Desconocer esta realidad bajo el criterio estrictamente jurídico de que las ``cartas de crédito no pueden ser negociadas mediante endoso, pues su transferencia se hace con aplicación a las normas sobre cesión de créditos personales'''' y porque ``las copias presentadas a la comisión no muestran constancia escrita de que el crédito fue transferido, art. 1413 C. de Co.'''' --como lo expresó el concepto contable que sustentó el rechazo en la liquidación-- constituye una desviación de la función de la contabilidad que hace relación al registro de operaciones aún las jurídicamente imperfectas y un desconocimiento del valor probatorio que a ésta les corresponde, más cuando está complementada con otros elementos como los libros de actas de juntas directivas (de cuyo valor probatorio da cuenta el art. 189 del C. de Co.), porque fueron los mismos visitadores oficiales quienes consignaron en el acta todo el proceso de incorporación de la cebada francesa en cabeza de la demandante.

Resulta pertinente destaca que la propia defensora del Ministerio de Hacienda en su alegato de conclusión afirma que ``puede apreciarse a través de toda la operación contable que fue Malterías Unidas S.A. quien tramitó toda la importación de cebada francesa y quien canceló todos los derechos y se sometió a los créditos y obligaciones necesarios en esta transferenciá'', llegando a la conclusión, respaldada en otras observaciones, de que el rubro en cuestión debe ser aceptado.

De manera adicional la Sala observa que en el fondo de este debate estuvo jugando papel sin que fuera advertido por las partes litigantes, el concepto jurídico de la “posesión” que en derecho tributario tiene consagración especial en el artículo 110 del Decreto 2053/74 y según el cual

“Se entiende por posesión, para los efectos del presente decreto, el aprovechamiento económico potencial o real de cualquier bien en beneficio del contribuyente.

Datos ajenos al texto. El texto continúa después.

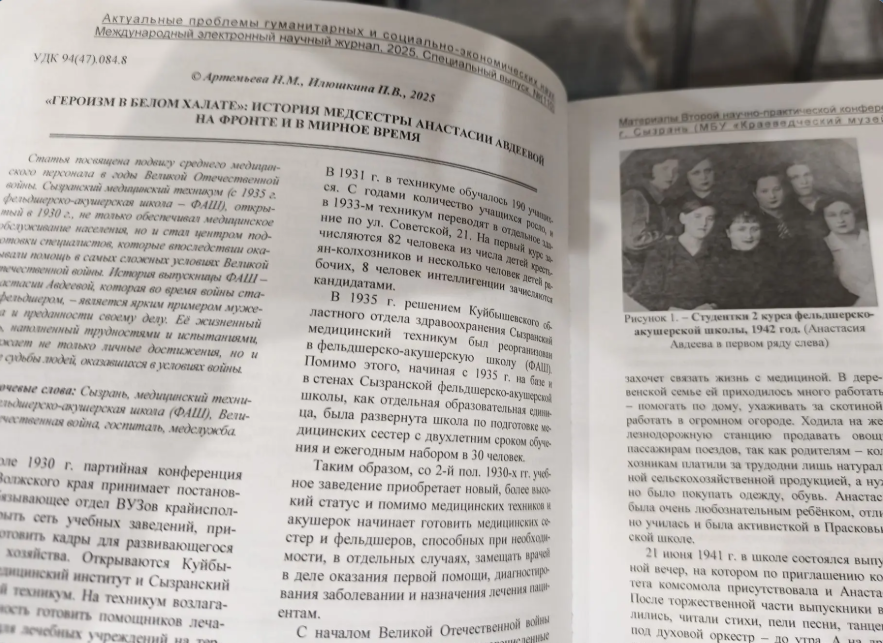По материалам Второй научно-практической конференции «Гурьевские краеведческие чтения» 2025 года, был издан сборник работ, в который вошла работа Артемьевой Н.М., и Илюшкиной П .(гр.281) «Героизм в белом халате: история медсестры Анастасии Авдеевой на фронте и в мирное время». Сегодня книга была торжественно вручена авторам работ.

Se presume que quien aparezca como propietario o usufructuario de un bien lo aprovecha económicamente en su propio benefició''.

Un recto entendimiento de esta norma indica que la presunción de usufructo por parte del titular de un bien, admite prueba en contrario y que para efectos tributarios el aprovechamiento económico, potencial o real, en beneficio del contribuyente, es lo que distingue la “posesión''''. De ahí puede deducirse que para efectos tributarios vale más la explotación real (la posesión material en términos civilistas) que la titularidad jurídica. De otra manera no podrían someterse a gravamen las rentas obtenidas en actividades ilícitas o con bienes obtenidos en igual forma, ni sería gravable la venta de cosa ajena en cabeza de quien aprovechó el ingreso, sino del dueño.

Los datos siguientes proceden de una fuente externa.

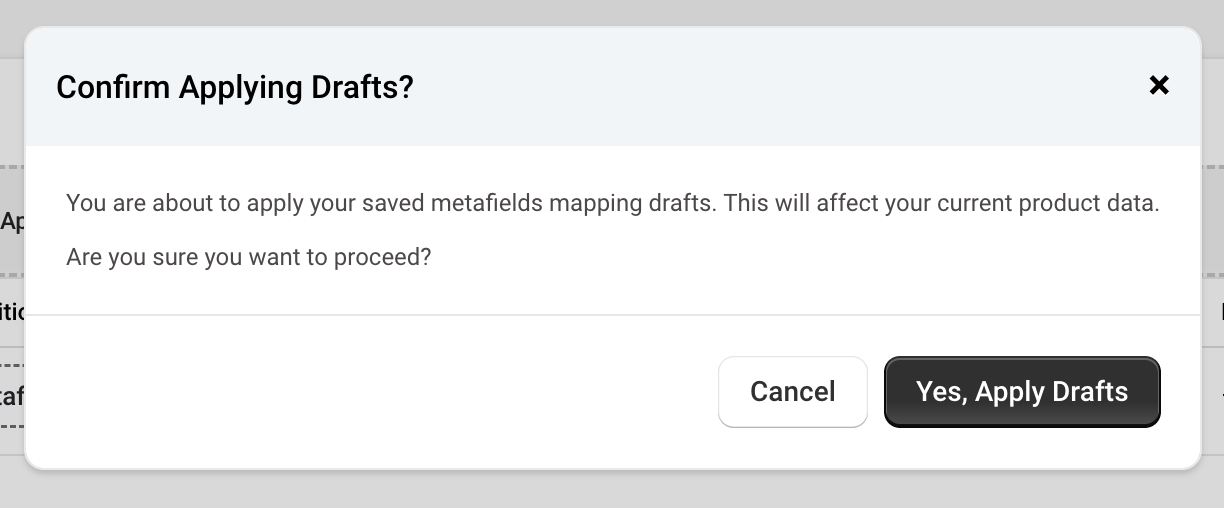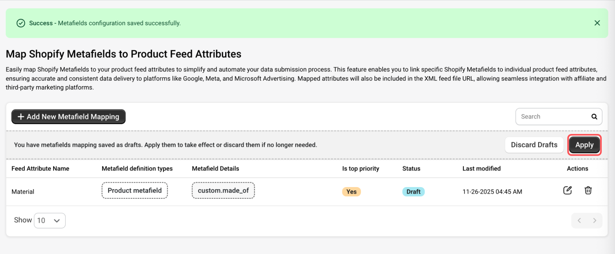 If the same "Product Feed Attribute" and "Shopify Metafield" are present in a draft and users enter the same information twice, the first draft will be replaced.

Se observa en todo el proceso de análisis y crítica contable que los funcionarios en su afán de mostrar la falta de titularidad en la documentación, lo que lograron fue resaltar y confirmar la utilización física y real de la cebada francesa por parte de la compañía revisada y no por sus titulares en la documentación.

En consideración a lo expuesto se acepta este costo por valor de $ 131.322.720».

(Sentencia de noviembre 1º de 1991. Expediente 0203. Consejero Ponente: Dr. Jaime Abella Zárate).